As the ceremony wore on, a few tears were shed and many smiles shared.

Though organized in a bit of a rush, at least compared to traditional standards, the wedding had all those customary bits and pieces one would expect of such an occasion.

The couple assured one another “humor and patience…lots of patience,” and, when the time came, simply could not stop kissing one another — they were just, they said afterward, so happy.

In fact, if you hadn’t gazed at the parking lot filled with cars, or the massive screen behind them, you might not have known this wedding was a “Plan B” at all.

The bride wore a flowing white gown and a veil of flowers, she was escorted up the aisle by a loving father, who was quick to mention he can’t wait for grandkids, and there were the speeches by the maid of honor and best man.

But there were a few unconventional additions — guests were caught sipping pre-wedding milkshakes, not cocktails, and shaking out handfuls of theater candy from cardboard boxes as they munched on peanut M&Ms or Sour Patch Kids and slurped on Lifesavers.

Their wedding invitations were flashed at the ticket booth, and exchanged for movie passes that proved good for popcorn and pretzels at the concession stand, which guests lugged back to their vehicles and shared among their families while sipping sodas and lounging in camp chairs.
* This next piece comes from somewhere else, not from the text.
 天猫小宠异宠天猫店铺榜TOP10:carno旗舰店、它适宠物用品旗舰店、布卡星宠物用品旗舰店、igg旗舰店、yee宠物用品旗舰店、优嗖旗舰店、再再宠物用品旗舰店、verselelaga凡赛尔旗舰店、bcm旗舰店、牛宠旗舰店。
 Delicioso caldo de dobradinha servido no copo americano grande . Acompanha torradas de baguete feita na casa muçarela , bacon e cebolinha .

And when the best man asked those gathered to raise their glasses for a toast, to “the sweetest girl” he knew and for his brother, too, he guessed, there were no flutes of champagne thrust high into the sky turned orange with the setting sun. Instead, soft drinks in paper cups, or can-filled koozies rose for the occasion.

Through it all, a familiar face – Silver Lake Twin Drive-In owner Rick Stefanon – milled close by, staked out on the periphery with a walkie in hand, ready to radio instructions regarding the timing of the music, or to troubleshoot with employees in case of any unexpected hiccups in the night’s events.
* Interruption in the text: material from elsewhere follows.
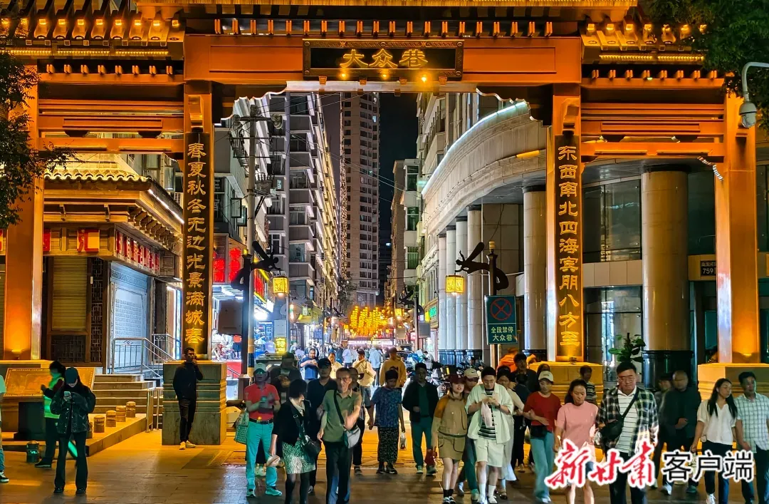 夜晚的兰州,时尚与活力并存,游客在兰州大众巷星光夜市游览。新甘肃·甘肃日报记者 郁婕/摄

He was, he said, glad to be part of the historic event. Over its 54-year existence, the drive-in had seen its fair share of wedding vows exchanged ON the big screen, but never played host to vows exchanged under the big screen before lastSaturday night.

And so history was made, much to the pleasure of the new Mr. and Mrs. William Pratt, who exchanged hugs and dances with one another, and flashed smiles at the dozens of guests who had only been able to gather owing to the unique, open-air setting of a drive-in movie theater.

“Anything good to say about the drive-in, you should say,” Alison gushed on her way to the concession stand. “They’ve made this all a dream.”

With that, she and her new husband rushed off, hand in hand.

The clock was ticking, after all — and the movie would be starting soon.